Литмир - Электронная Библиотека
A
A

Но, конечно, горожане понимали, что делают. Они жаждали возмездия и получили его сполна. Целую груду. И они упивались этим. Добрые обитатели Салливана брали кирпичи, выходили на сцену. Клали груз на женщину, изнемогавшую под невыносимой тяжестью. И они делали это с желанием.

Ее лицо потемнело от нехватки кислорода, исказилось непроизвольным сокращением мышц. Руки и ноги бились о стол с такой силой, что палачам пришлось навалиться на них, чтобы прижать к «эшафоту».

Внезапно я вырвался из толпы. Один из стоявших в оцеплении полицейских попытался схватить меня, но получил такой удар, что полетел на землю. Тогда на меня прыгнул другой. Я приготовился встретить его хорошим ударом, но увидел баллончик, из которого вырвалась струйка перечного спрея.

Как будто два раскаленных шипа вонзились мне в глаза, и я упал, давясь собственным дыханием, ослепленный, беспомощный. Кто-то бесцеремонно завел мои руки за спину. Запястья стиснули стальные кольца.

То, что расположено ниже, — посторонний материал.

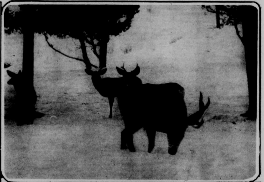
The mule deer of Yellowstone National Park always attract attention.
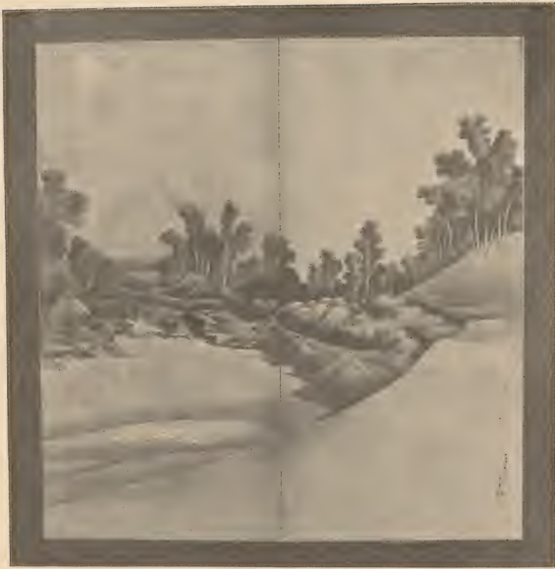
No. 36. By Hokusai

Проклятие. Глаза жгло так, что мне хотелось вырвать их, выскрести глазницы ногтями, но и это было невозможно со скованными за спиной руками.

Меня схватили, подняли, бросили на сцену.

Я стоял, задыхающийся, слепой, безрукий, бессильный.

— Линн! Линн, я не вижу тебя!

Сквозь гул толпы до меня донесся ее слабый голос.

— Грег, я здесь. Помоги мне.

Должно быть, огромный вес кирпичей уже ломал кости, сдавливал легкие и сердце. Но я услышал крик и начал, как идиот, метаться по сцене, пытаясь найти ее, спотыкаясь, ничего не видя.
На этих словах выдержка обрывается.